The way I understood it, most OpenBSD developers are not for hire, not in a
manner like this anyhow. These people work on the things they want to work on,
and they share the result of their work as a gift to the world. Donations are
a gift in return, and the funding enables them to hack more (i.e. hackathons,
hardware for developers who need it, infra, etc.) and to share the result with
the rest of us (servers & infra).

Can you imagine someone saying "I want to give you this gift but only if you
focus on thing X (which I care about) and not on things Y and Z (which you
care about)"?

Keep in mind that the BSDs strive to be a complete, integrated operating
system. While some devs focus on small parts of the tree, many or most work on
the larger whole. Improvements to specific parts are a part of improvements to
the whole. Working on LibreSSL is a byproduct or _part of_ working on OpenBSD.

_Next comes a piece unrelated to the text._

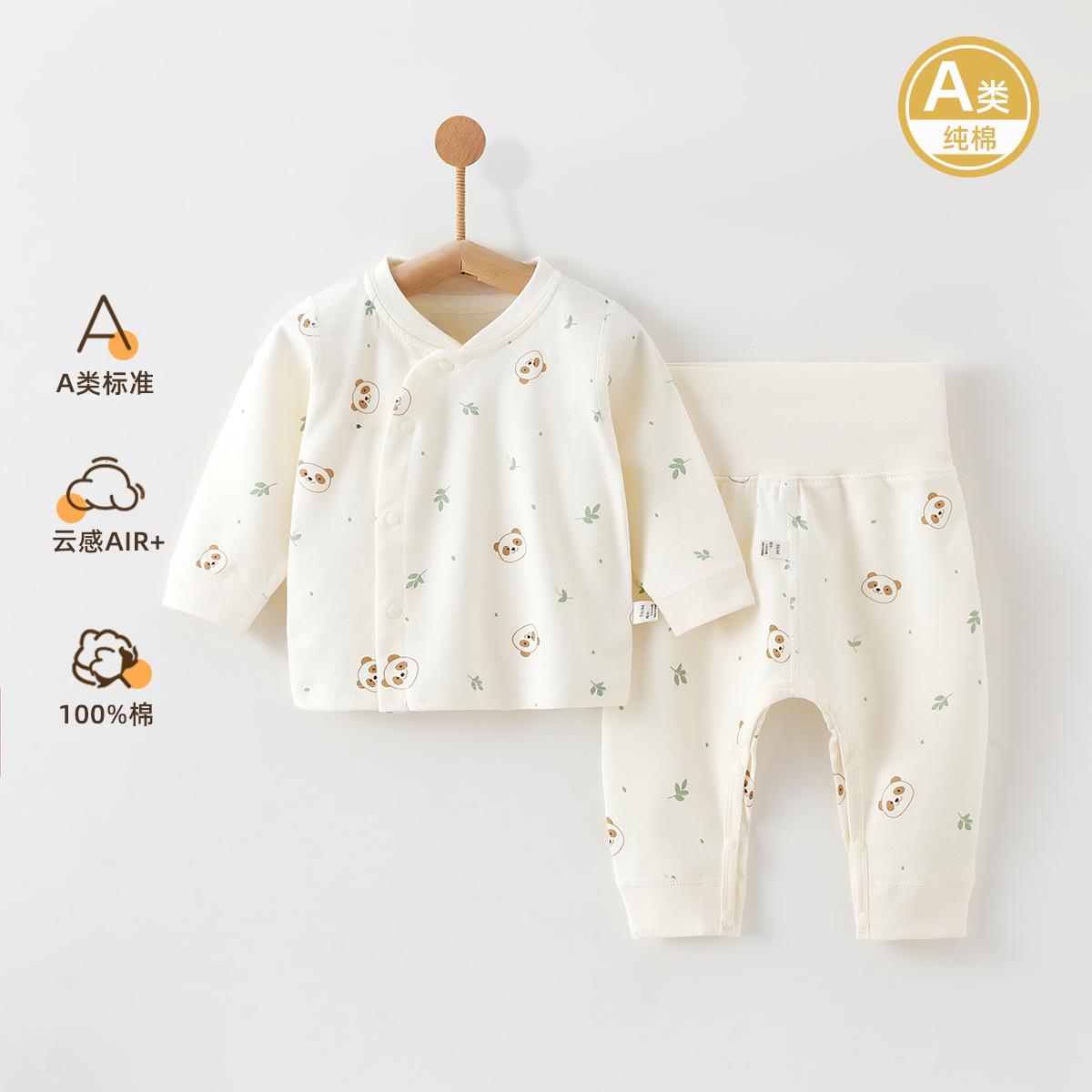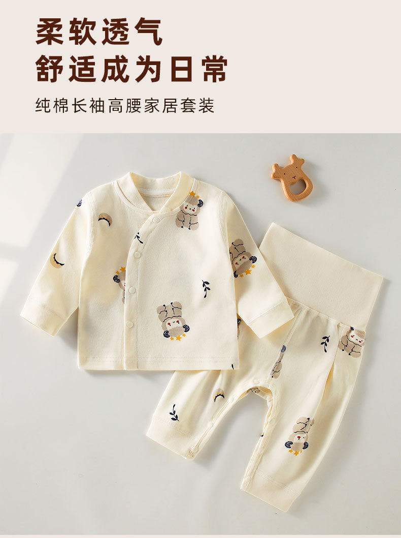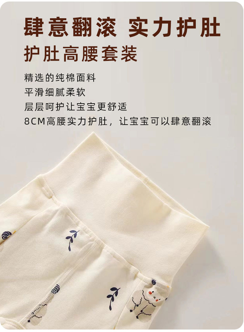 아기 옷 아기 속옷 세트 가을과 겨울 순면 높은 허리 배꼽 보호자 세트 어린이 가을 옷 가을 바지 홈 옷스토어 가기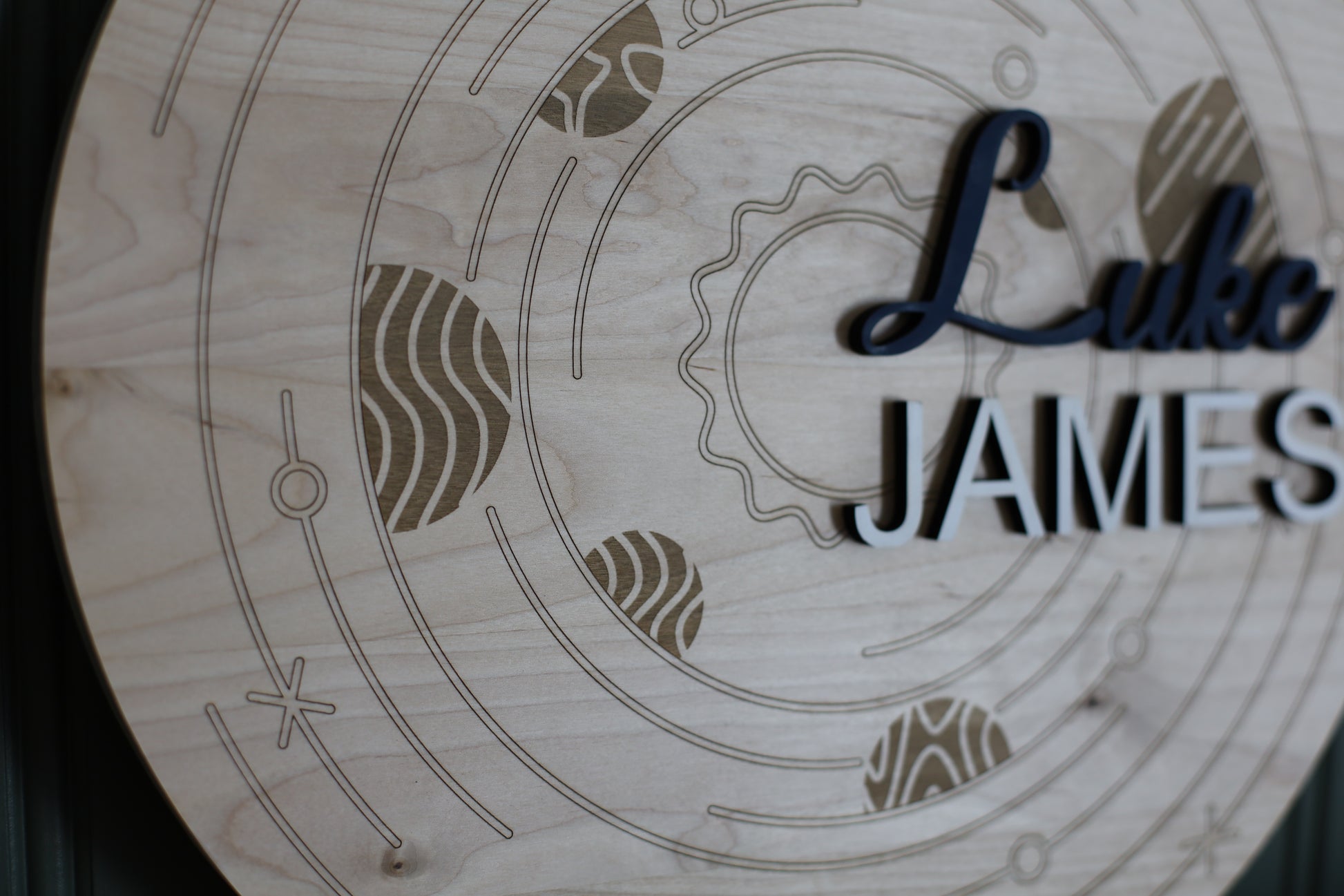 Add a touch of personalization to a child's bedroom or play area with a custom name sign. Made from high quality birch, this 16" round sign features a playful engraved solar system background and can be customized with your child's name. Perfect for creating a unique and special space for your little one!

 _Can you buy a faster server and more bandwidth to serve this one
subdirectory in your project? But don 't spend that money on anything else?_

EDIT: Having said that, developers are and have been funded to work on
specific things.. IIRC the kms work was sponsored, and gilles works on smtpd
as a part of his job. But I think it would be kind of rude to disregard the
effort the core OpenBSD devs have spent on LibreSSL and only donate if you can
give that money to one or two paid developers. Look at it this way: Theo works
on many many parts of the system. So does Miod. And so does Bob. As do many
other developers who commit changes to LibreSSL. They're in it for OpenBSD.
Can you tell them to forget OpenBSD and do LibreSSL for you?

EDIT: Or how about this? _Sorry guys, this hackathon we 're allowed to touch
libssl only. Why? Because some people "donated" for us to work on LibreSSL and
LibreSSL only._ I don't think it can go like that. It becames work for money.
Work on specific things people pay you to work on. Work for people who are
_voluntarily working on OpenBSD._ I doubt many _OpenBSD developers_ would
attend such a hackathon.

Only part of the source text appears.